*What the exercise asks*
Set down every entry exactly as it stands, omitting any picture.

=====

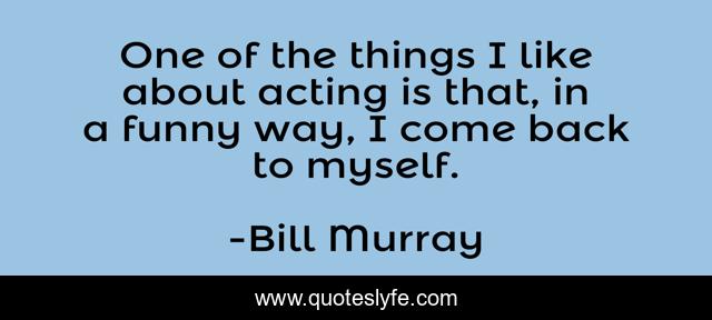 This page presents the quote "One of the things I like about acting is that, in a funny way, I come back to myself.". Author of this quote is Bill Murray. This quote is about myself, acting, way,.
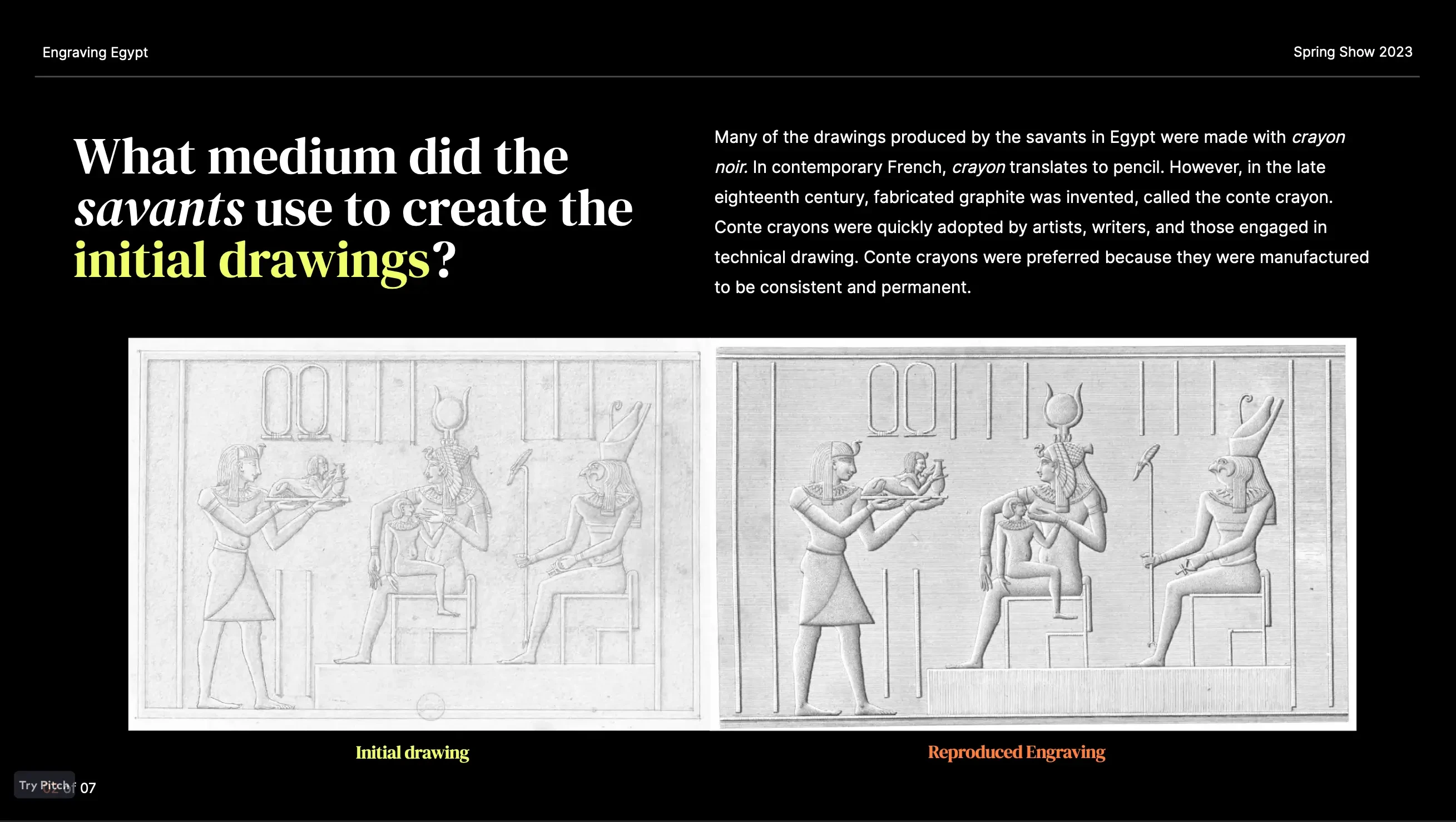 • As the Description de l’Égypte continues to influence the study of ancient Egypt, we aim to raise awareness about its Orientalist underpinnings while also discrediting its objectivity as well as highlighting Egyptian art and the techniques of engraving.
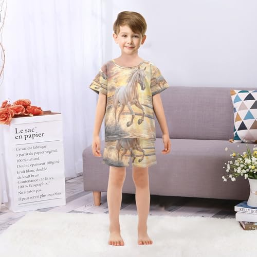 ALAZA Running Horse Ocean Beach Pajamas Set Short Sleeve Cotton Sleepwear Summer Pjs 2 Piece 5-14Y 6
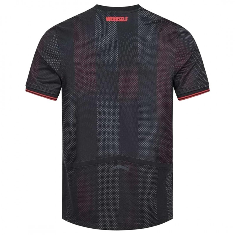 The New Balance Leverkusen 2025-26 home shirt sticks to the club’s iconic black and red color scheme.
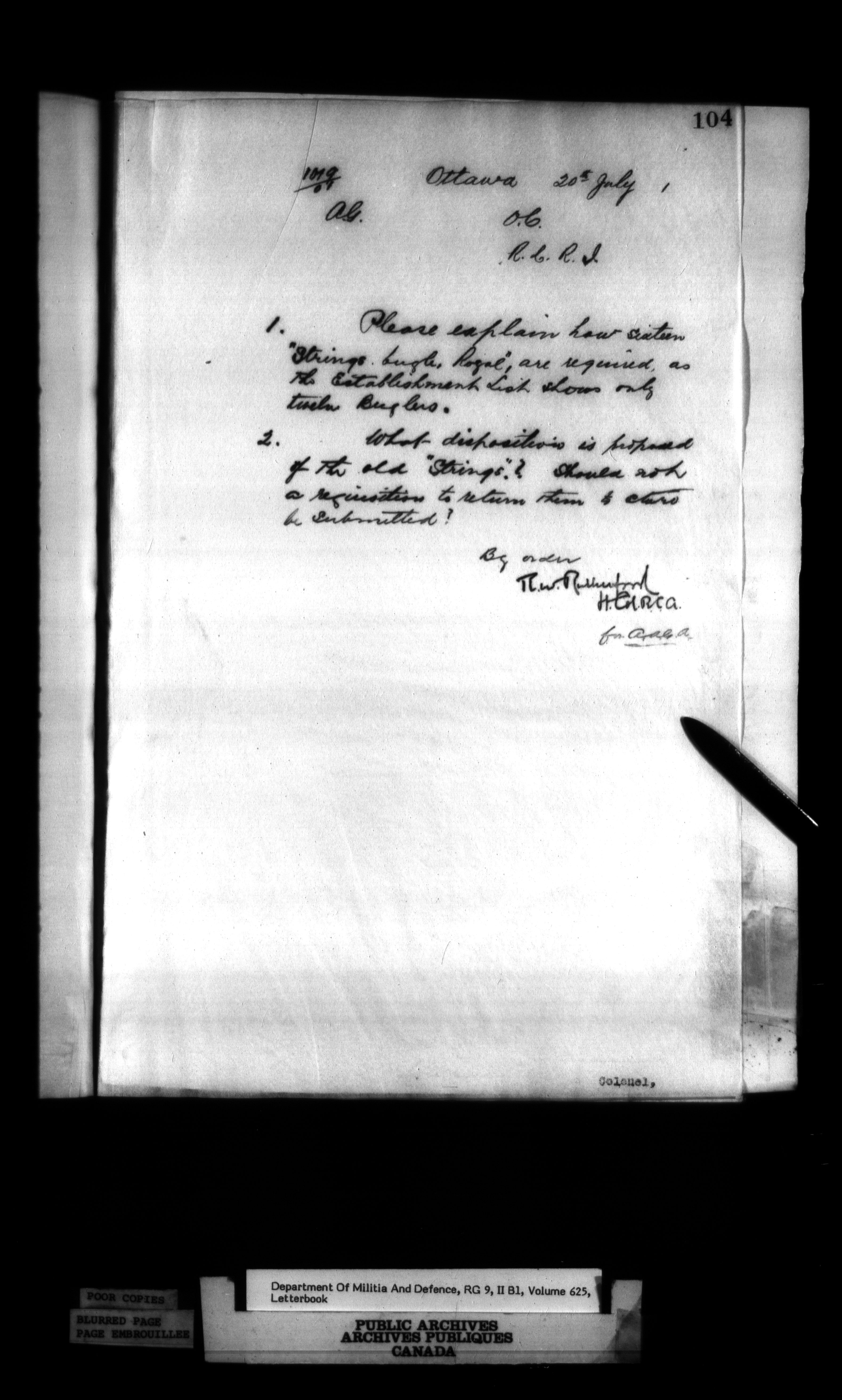 Correspondence of the General Officer Commanding (GOC) of the Canadian Militia and his predecessor, the Adjutant General - 360

=====

*Problem solution*
 This page presents the quote "One of the things I like about acting is that, in a funny way, I come back to myself.". Author of this quote is Bill Murray. This quote is about myself, acting, way,.
 • As the Description de l’Égypte continues to influence the study of ancient Egypt, we aim to raise awareness about its Orientalist underpinnings while also discrediting its objectivity as well as highlighting Egyptian art and the techniques of engraving.
 ALAZA Running Horse Ocean Beach Pajamas Set Short Sleeve Cotton Sleepwear Summer Pjs 2 Piece 5-14Y 6
 The New Balance Leverkusen 2025-26 home shirt sticks to the club’s iconic black and red color scheme.
 Correspondence of the General Officer Commanding (GOC) of the Canadian Militia and his predecessor, the Adjutant General - 360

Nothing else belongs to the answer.